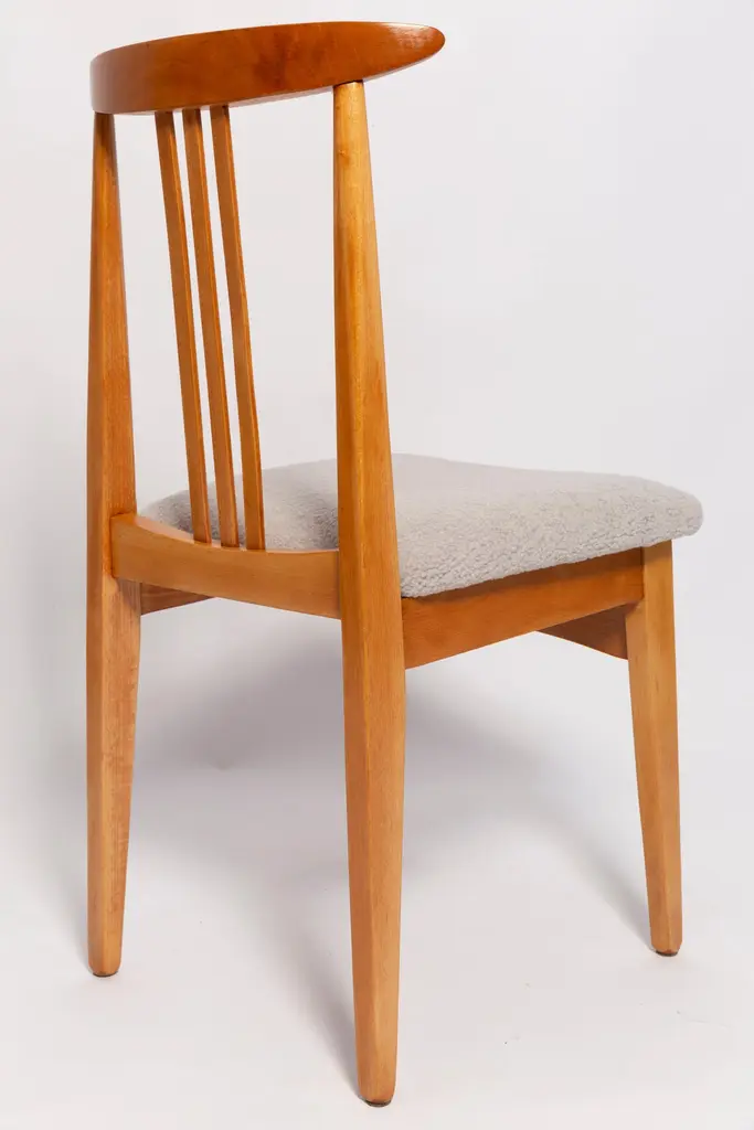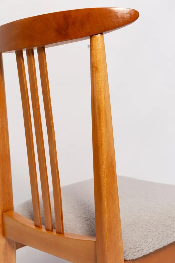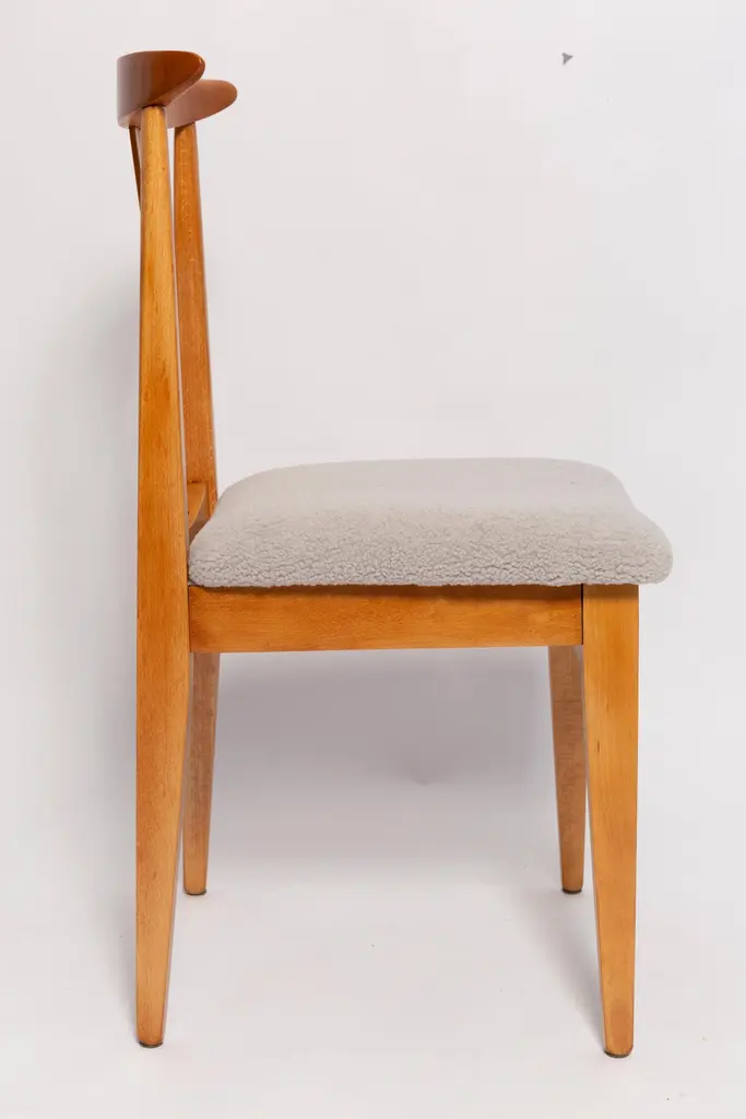 A beautiful beech chair designed by M. Zielinski, type 200 / 100B. Manufactured by the Opole Furniture Industry center at the end of the 1960s in Poland. The chair is after undergone a complete carpentry and upholstery renovation. Seats covered with high-quality italian light linen boucle fabric (color 08). Beech wood is after full refreshing, varnished in light brown warm color lacquer. This model of chair have very nice and organic shape. They have amazing form. Even in small size the Zielinski's chair is very comfortable. We highly recommend them to every type of interior. ecommend them to every type of interior. We can prepare also bigger sets in every color of wood and boucle. Please have a look on the last picture. Waiting time up to 3 weeks. Cheap delivery guaranteed.
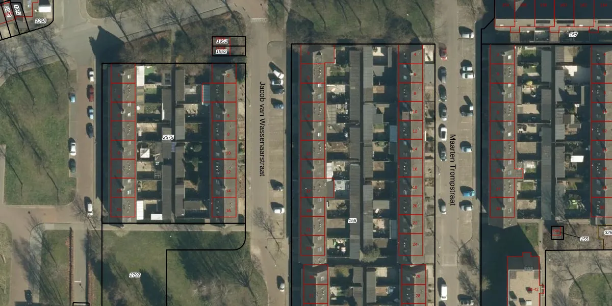 Jacob van Wassenaarstraat 13 is gelegen op kadastraal perceel GDP00F158. Deze kadastrale aanduiding is uniek en wordt gebruikt door het Kadaster om eigendomsrechten en andere zakelijke rechten vast te leggen. Het perceel maakt onderdeel uit van de kadastrale gemeente Geldrop.
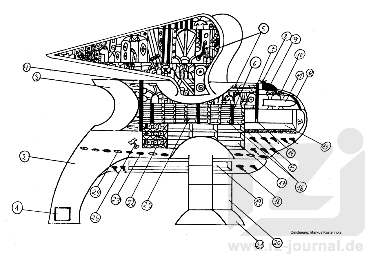 Technische Daten: 3-40 Meter lang, 315 Meter hoch und 114 Meter breit. Es ist größtenteils mit Robotern besetzt, hat deshalb auch nur e«n Beiboot an Bord. Es wird zu Hilfe gerufen, wenn ein Schwinger,schiff schwer beschädigt ist; auch zum Bau neuer Stützeunkte auf Asteroiden verwendet. Besatzung: 38 Sawpanen und Roboter. |
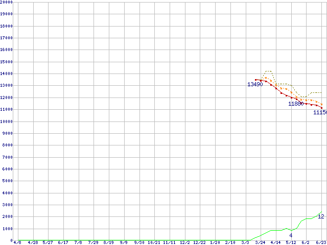 ※このグラフは過去のデータも税率5%相当に調整した税込み相当額のグラフです。 税率変更や、総額表示方式導入(2004年4月)の影響は除いています。 | | | ●凡例 | 最安値 (点線部は販売店未確認 または未調査) | 平均値 | 最高値 | ショップ数 |
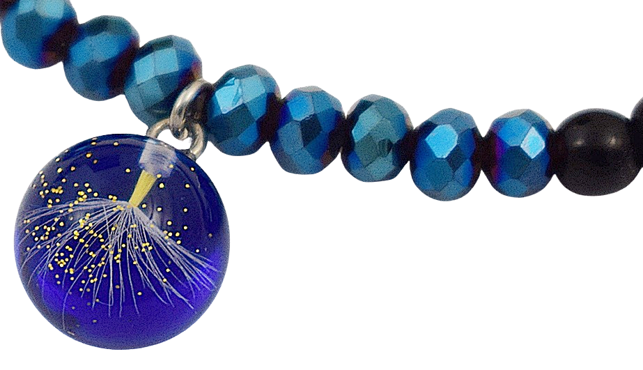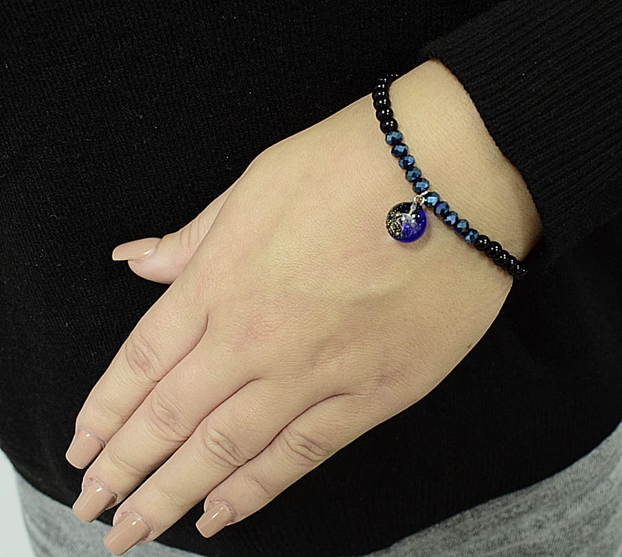 Modna koralikowa bransoletka ozdobiona efektowną zawieszką z żywicy w której na zawsze zatopione płatki złota z drobinkami węgla. Możesz stworzyć własny komplet biżuterii z innymi produktami z tej serii. Autorska biżuteria to idealny prezent dla ukochanej i bliskiej osoby.
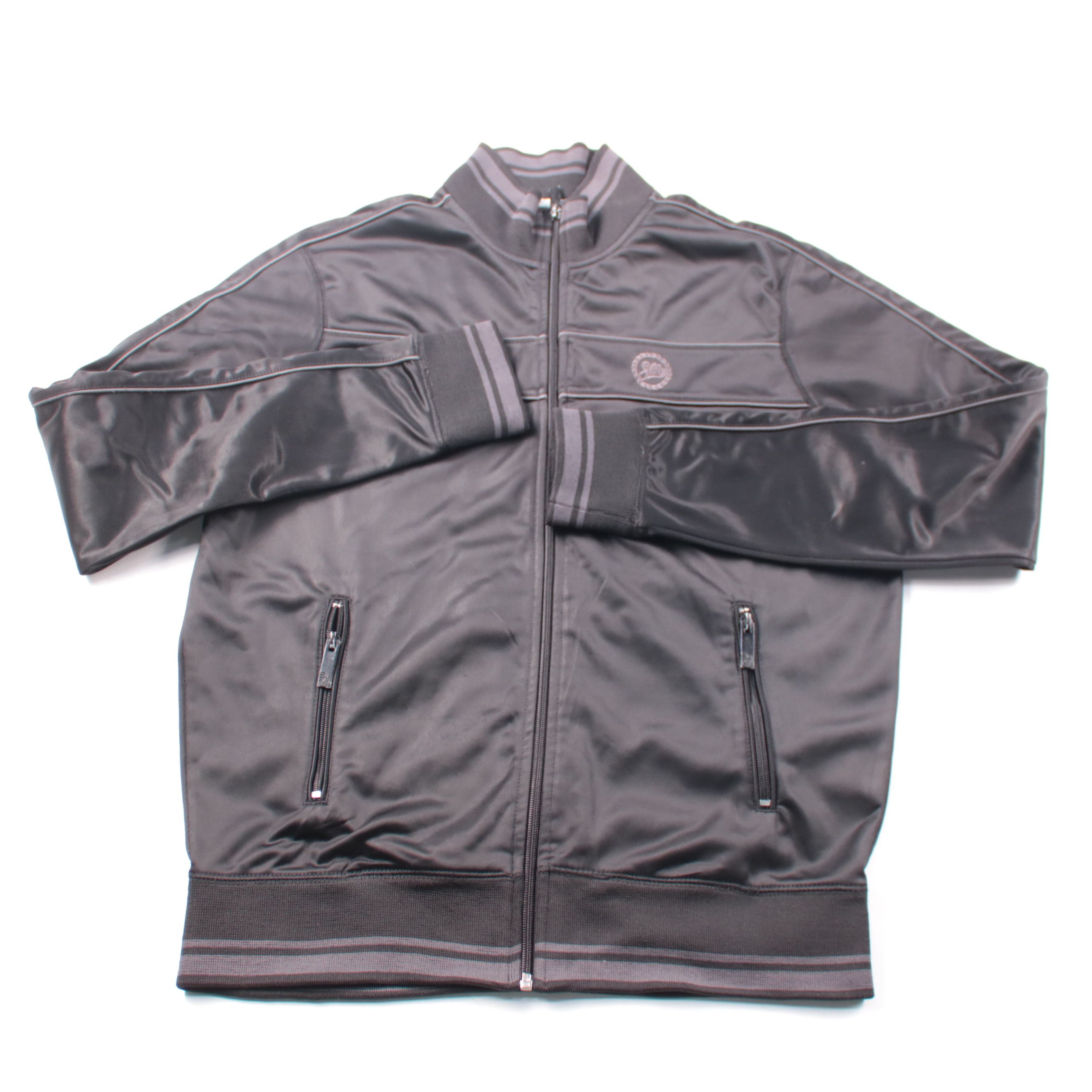 Мужская толстовка Sia Mia на молнии из гладкого синтетического материала, в тёмно-сером/чёрном цвете с воротником-стойкой и карманами на молнии. Подойдёт для повседневной носки и спорта в прохладную погоду. Практичный плюс — быстро сохнет и удобна в до...

——————

What you output must match the data exactly, apart from the pictures, which are left out.

Exercise response:
 A beautiful beech chair designed by M. Zielinski, type 200 / 100B. Manufactured by the Opole Furniture Industry center at the end of the 1960s in Poland. The chair is after undergone a complete carpentry and upholstery renovation. Seats covered with high-quality italian light linen boucle fabric (color 08). Beech wood is after full refreshing, varnished in light brown warm color lacquer. This model of chair have very nice and organic shape. They have amazing form. Even in small size the Zielinski's chair is very comfortable. We highly recommend them to every type of interior. ecommend them to every type of interior. We can prepare also bigger sets in every color of wood and boucle. Please have a look on the last picture. Waiting time up to 3 weeks. Cheap delivery guaranteed.
 Jacob van Wassenaarstraat 13 is gelegen op kadastraal perceel GDP00F158. Deze kadastrale aanduiding is uniek en wordt gebruikt door het Kadaster om eigendomsrechten en andere zakelijke rechten vast te leggen. Het perceel maakt onderdeel uit van de kadastrale gemeente Geldrop.
 Technische Daten: 3-40 Meter lang, 315 Meter hoch und 114 Meter breit. Es ist größtenteils mit Robotern besetzt, hat deshalb auch nur e«n Beiboot an Bord. Es wird zu Hilfe gerufen, wenn ein Schwinger,schiff schwer beschädigt ist; auch zum Bau neuer Stützeunkte auf Asteroiden verwendet. Besatzung: 38 Sawpanen und Roboter. |
 ※このグラフは過去のデータも税率5%相当に調整した税込み相当額のグラフです。 税率変更や、総額表示方式導入(2004年4月)の影響は除いています。 | | | ●凡例 | 最安値 (点線部は販売店未確認 または未調査) | 平均値 | 最高値 | ショップ数 |
 Modna koralikowa bransoletka ozdobiona efektowną zawieszką z żywicy w której na zawsze zatopione płatki złota z drobinkami węgla. Możesz stworzyć własny komplet biżuterii z innymi produktami z tej serii. Autorska biżuteria to idealny prezent dla ukochanej i bliskiej osoby.
 Мужская толстовка Sia Mia на молнии из гладкого синтетического материала, в тёмно-сером/чёрном цвете с воротником-стойкой и карманами на молнии. Подойдёт для повседневной носки и спорта в прохладную погоду. Практичный плюс — быстро сохнет и удобна в до...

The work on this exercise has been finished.